Dilone as Nina with Taylor Petracek as Konstantin.

Dilone as Nina with Taylor Petracek as Konstantin.

Only two characters seem satisfied and even happy. Yakov (Kazuhiro Imafuku), a hired farmhand, has a little twinkle in his eye and spring in his step. Dorn (Todd Licea), the country doctor, has done everything he has ever wanted to in life: traveled, eaten well, and had many good conversations with people along the way.
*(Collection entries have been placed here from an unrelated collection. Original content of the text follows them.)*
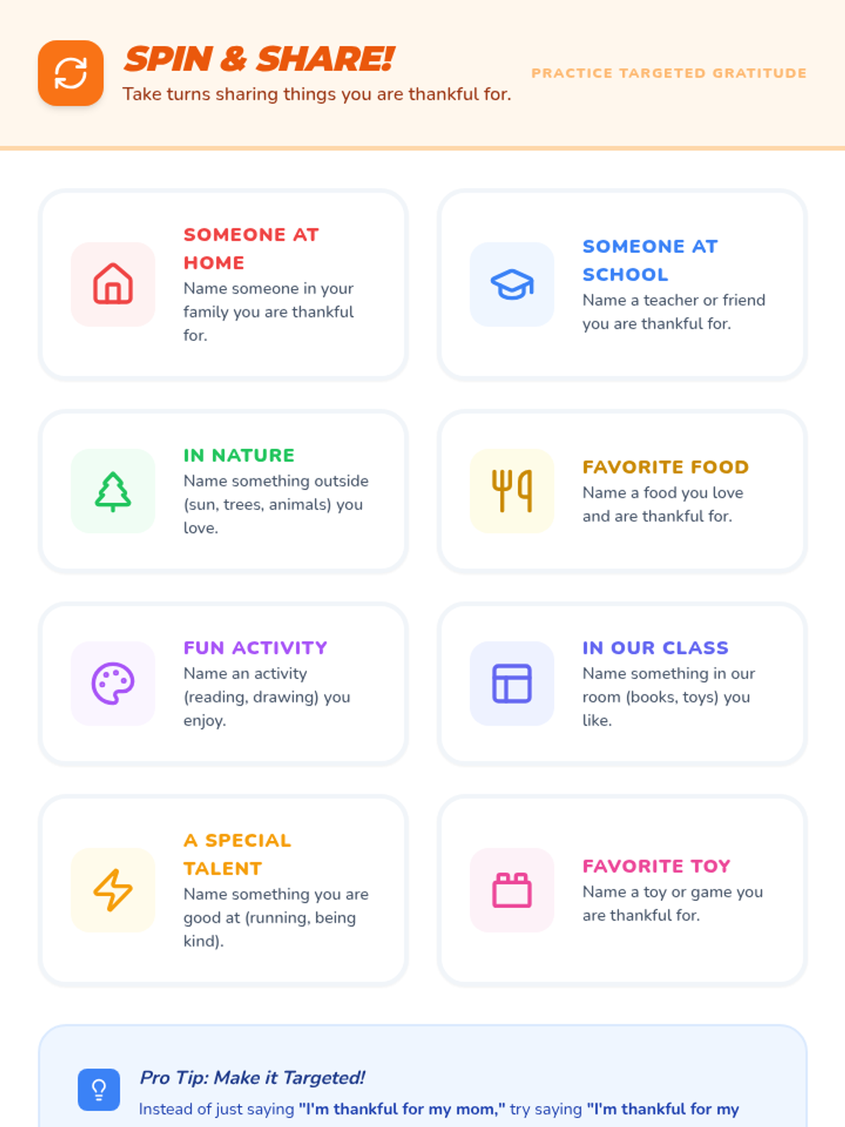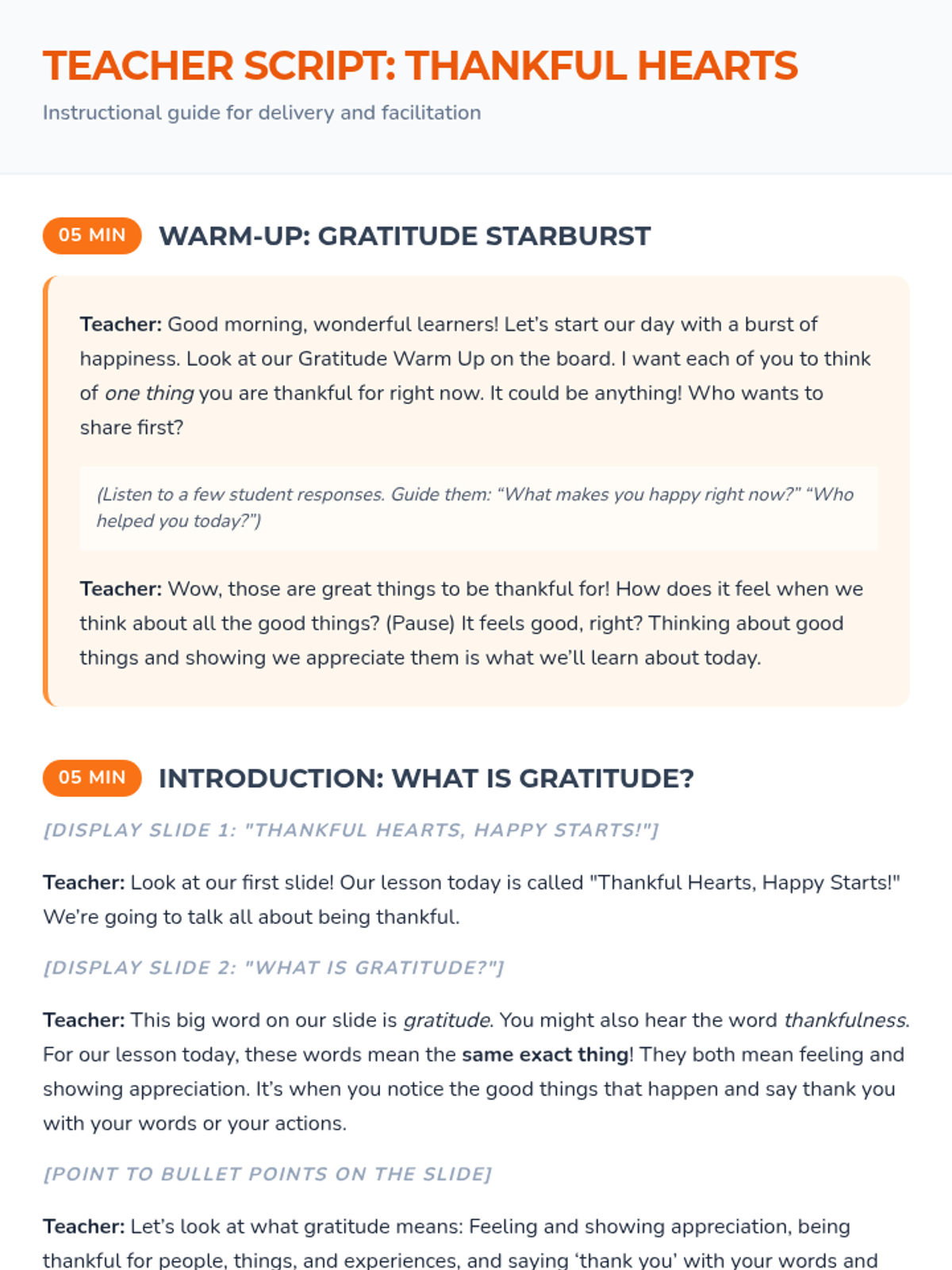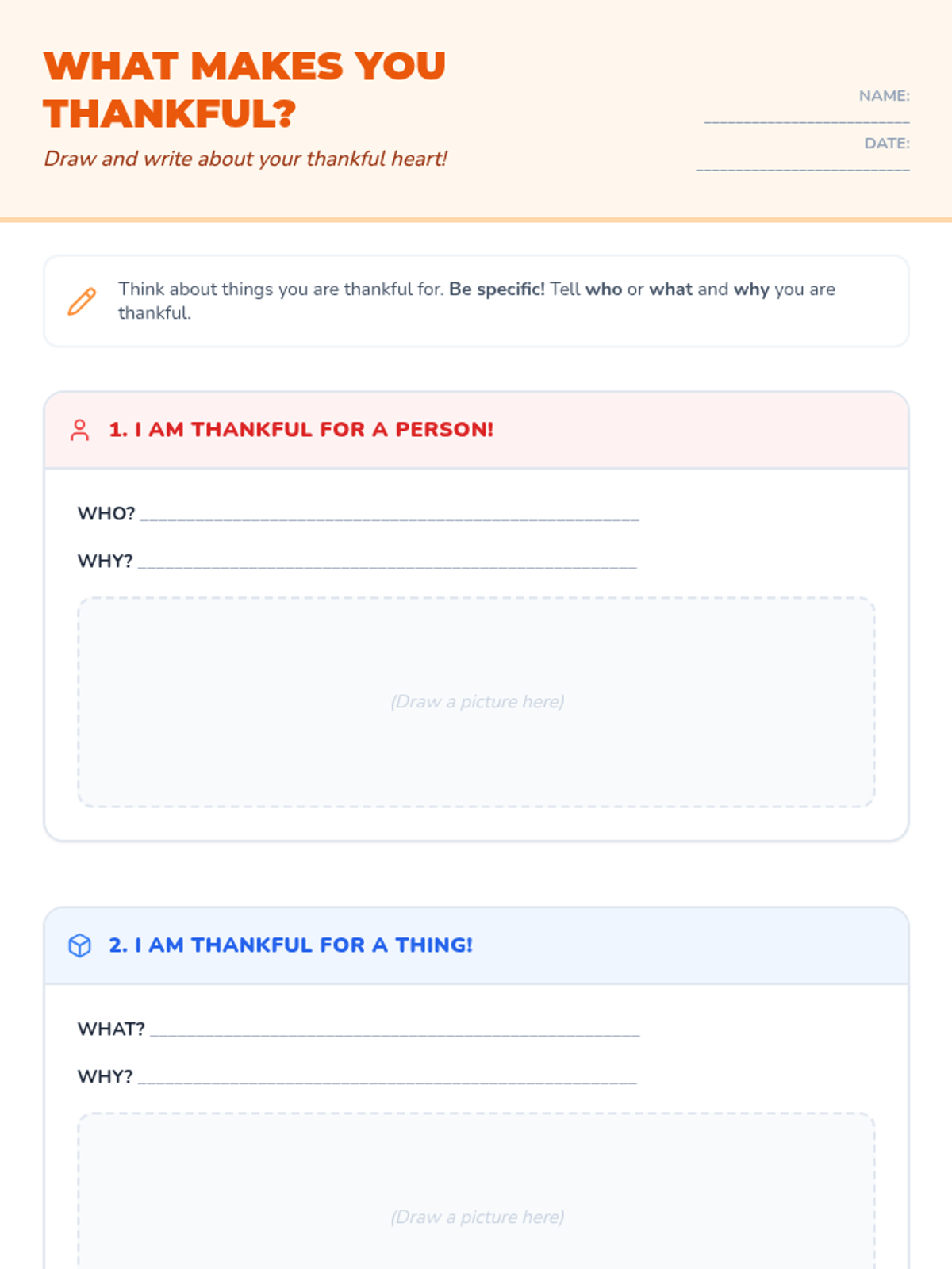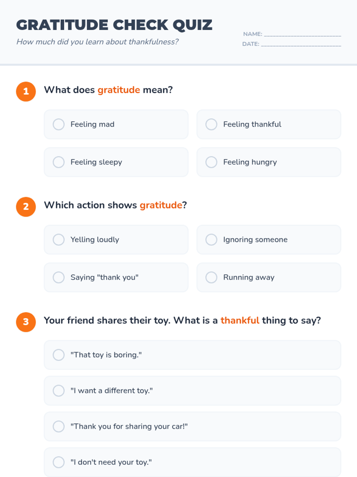 A 60-minute Tier 1 SEL lesson for 1st-2nd graders focused on defining gratitude, identifying thankful responses, and practicing targeted appreciation through stories and interactive activities.
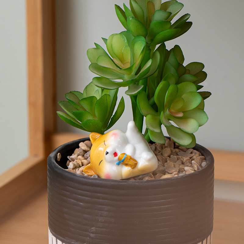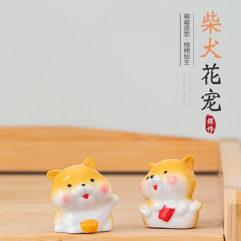 陶瓷可爱卡通柴犬兔子小摆件多肉盆景摆件花宠桌面装饰迷你小摆件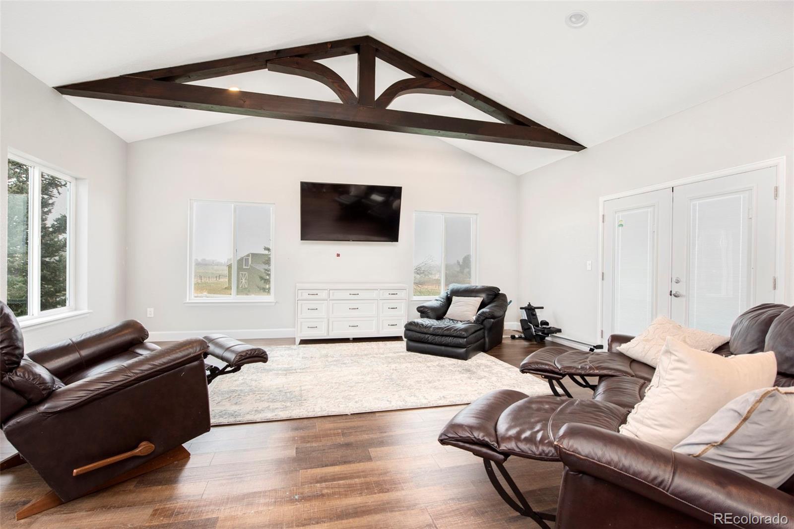 Spectacular Traditional TwoStory Home Horse Property in the Sought After Todd Creek Farms, This home has a lot to offer This home was meant for entertaining w/3 living areas.Its sits well on 1.89 acres of peace and tranquility w/an outbuilding for toys and is fully fenced. The kitchen boasts with Granite Counters,Custom Back Splash, Access to Patio, Pantry, SS Appliances, and Opens to the Family Room The Great room boasts Beautiful Architectural Beams Two Storage Closets and a Wall of Windows.The Primary Bedroom has Brand New Carpet, Decorative/Storage Nook, Private 5 Piece Bath w/Granite Counters, Lots of Natural Light, and Soaking Tub All Bedrooms have Brand New Carpet. The Basement has Two Bedrooms and a Full Bath.This backyard and Patio are unbelievable, Plenty of privacy, trees,and grassy area for outdoor activities.The 960 sq ft. outbuilding has a workshop, electricity, and can hold your toys.Also, 2 Separate 2 Car Garage.

It’s surprising that immersive theater did not become more popular after the sensational success of Punchdrunk’s Sleep No More, a site-specific adaptation of Macbeth in which spectators were divided into small groups and taken to areas of the McKittrick Hotel, to wander and experience the play in intimate and close-up ways. Punchdrunk’s immersive theater is more along the lines of Artaud’s Theater of Cruelty, in which, through physical proximity and intense dramatic rendering, the senses are assaulted.

The small, informal space of the Access Theater gives the feeling of sitting in someone’s living room, but it doesn’t lend itself to a real immersive experience. Sometimes the actors sit near or even behind the audience while they execute different actions like fishing, whistling, running, and creating animal sounds. Still, there are nice moments. For example, when Trigorin goes fishing, he crouches down just behind the first row of spectators and mimics the sounds of nature. The Instigators’ immersive experience is subtler and gentler than Artaud’s or Punchdrunk’s. Perhaps that’s OK for Chekhov, though, who is a subtle and gentle playwright, even though everyone and everything is in tumult.

The Instigators’ production of The Seagull runs at Access Theater (380 Broadway at White Street) through June 18. Evening performances are at 8 p.m. Thursday-Saturday and at 7:30 p.m. Sundays. The theater is accessible from the A/C/E/N/Q/R/6 trains at Canal Street or the 1 train at Franklin. Tickets range from $7.50–$30, available at www.instigators.eventbrite.com.